Department of Pathology, University of Iowa, College of Medicine, Iowa City, IA, 52242-1109, USA.
Free Radical and Radiation Biology Program, University of Iowa, College of Medicine, Iowa City, IA, 52242-1109, USA.
Oncogene. 2020 Apr;39(14):2877-2889. doi: 10.1038/s41388-020-1203-x. Epub 2020 Feb 10.
Aiming to identify immune molecules with a novel function in cancer pathogenesis, we found the cluster of differentiation 177 (CD177), a known neutrophil antigen, to be positively correlated with relapse-free, metastasis-free, or overall survival in breast cancer. In addition, CD177 expression is correlated with good prognosis in several other solid cancers including prostate, cervical, and lung. Focusing on breast cancer, we found that CD177 is expressed in normal breast epithelial cells and is significantly reduced in invasive cancers. Loss of CD177 leads to hyperproliferative mammary epithelium and contributes to breast cancer pathogenesis. Mechanistically, we found that CD177-deficiency is associated with an increase in β-catenin signaling. Here we identified CD177 as a novel regulator of mammary epithelial proliferation and breast cancer pathogenesis likely via the modulation of Wnt/β-catenin signaling pathway, a key signaling pathway involved in multiple cancer types.

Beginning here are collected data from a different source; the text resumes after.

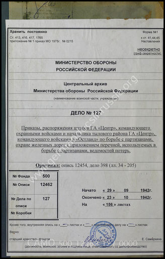 Top CAMO - Bestand 500 Findbuch 12462 - russische Übersetzungen deutscher Akten Akte 127: Unterlagen der kriegsgeschichtlichen Verwaltung des Gener...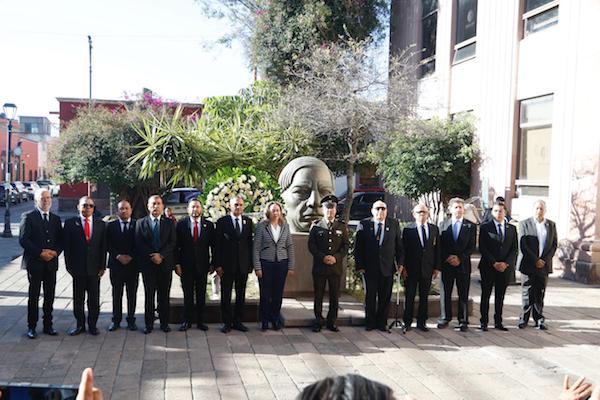 Encabezado por la diputada Sara Rocha Medina, presidenta de la Directiva del Congreso del Estado; los diputados Héctor Serrano Cortés, Cuahutli Badillo Moreno, y Emilio Rosas Montiel; el Secretario de Educación de Gobierno del Estado, Juan Carlos Torres Cedillo; el Gran Maestro de La Gran Logia Soberana e Independiente “El Potosí”, Horacio Sánchez; Brígido Puente Martínez, Secretario de Vinculación de la Confederación de Grandes Logias Regulares de los Estados Unidos Mexicanos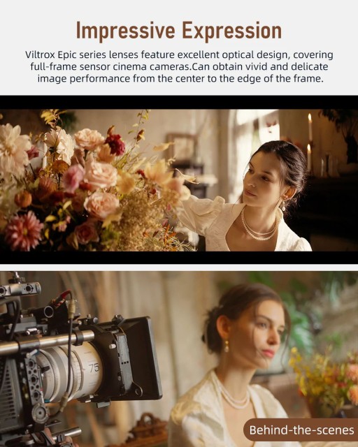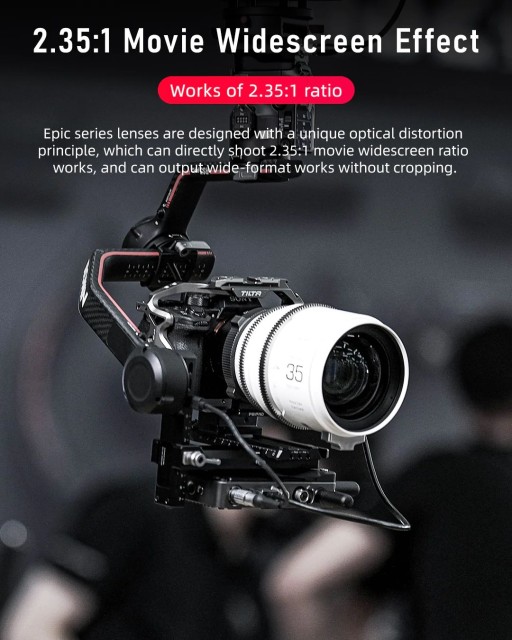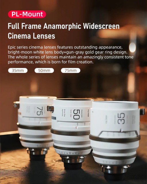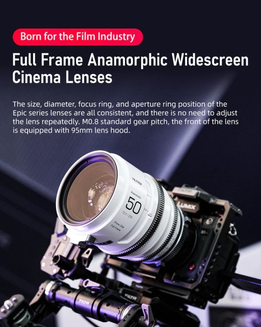 Viltrox Epic Series 35/50/75mmT2.0 1.33X full-frame anamorphic lenses are designed for PL-mount cinema cameras, marking Viltrox's official entry into the high-end film industry! The Epic Series features impressive image expression suitable for 2,35:1 widescreen work, retro pure color reproduction, 1.33x constant squeeze ratio, consistent optical performanc,…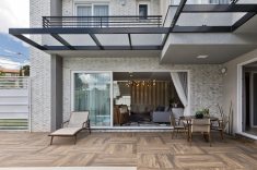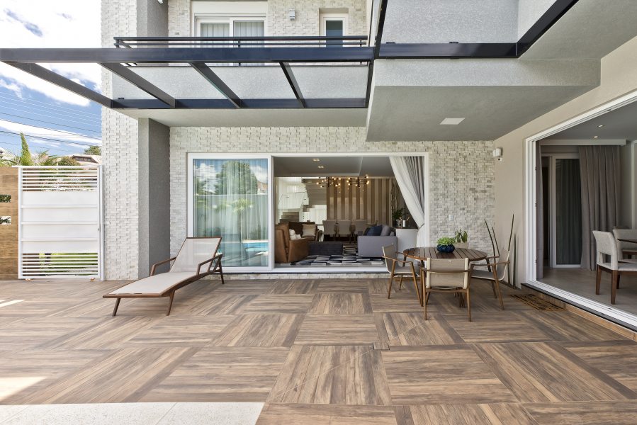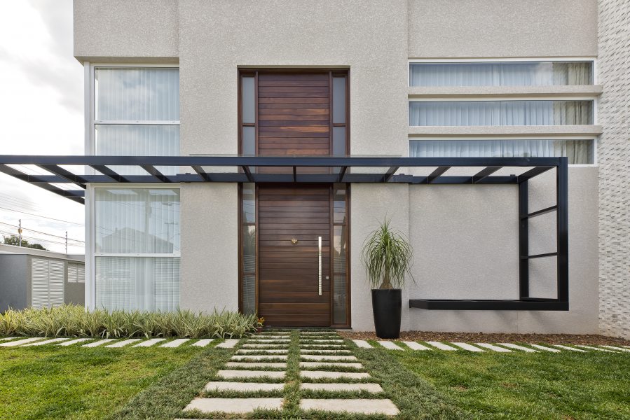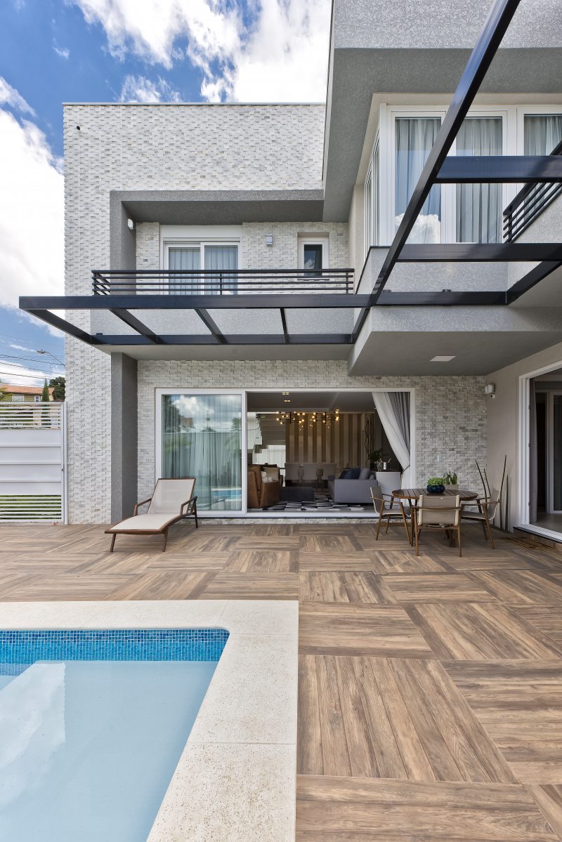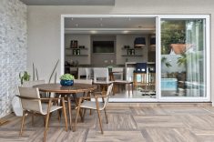 casas, tornou-se uma residência de 300 m² com amplo jardim. “Procurei criar um projeto contemporâneo, com linhas retas, que valorizasse a natureza”, conta a arquiteta Mariana Paula Souza, que assina o espaço. Do lado de dentro, porcelanato de grande formato, madeira, espelhos e detalhes combinando com a paleta de cores neutras, com toques azul. Para o arquitetônico, pinturas texturizadas e revestimentos com pedras, além de esquadrias em PVC da Weiku: “Optei pela Weiku pela qualidade e durabilidade do material. As esquadrias de PVC com vidro duplo geram excelente conforto térmico e acústico para a casa. Além disso, a Weiku auxilia na especificação dos produtos corretos, para melhor aproveitamento de vãos, indicando tamanhos de janela que dessem ao cliente um melhor custo benefício, além de executar os serviços com qualidade e comprometimento”, elogia Mariana.

为了鉴定在癌症发病机制中具有新功能的免疫分子,我们发现分化群 177(CD177),一种已知的中性粒细胞抗原,与乳腺癌的无复发生存、无转移生存或总生存呈正相关。此外,CD177 的表达与前列腺癌、宫颈癌和肺癌等其他几种实体癌的良好预后相关。我们专注于乳腺癌,发现 CD177 在正常乳腺上皮细胞中表达,在浸润性癌症中显著降低。CD177 的缺失导致乳腺上皮过度增殖,并促进乳腺癌的发病机制。从机制上讲,我们发现 CD177 缺陷与 β-连环蛋白信号的增加有关。在这里,我们确定 CD177 是一种新的乳腺上皮增殖和乳腺癌发病机制的调节因子,可能通过调节 Wnt/β-连环蛋白信号通路,该通路涉及多种癌症类型。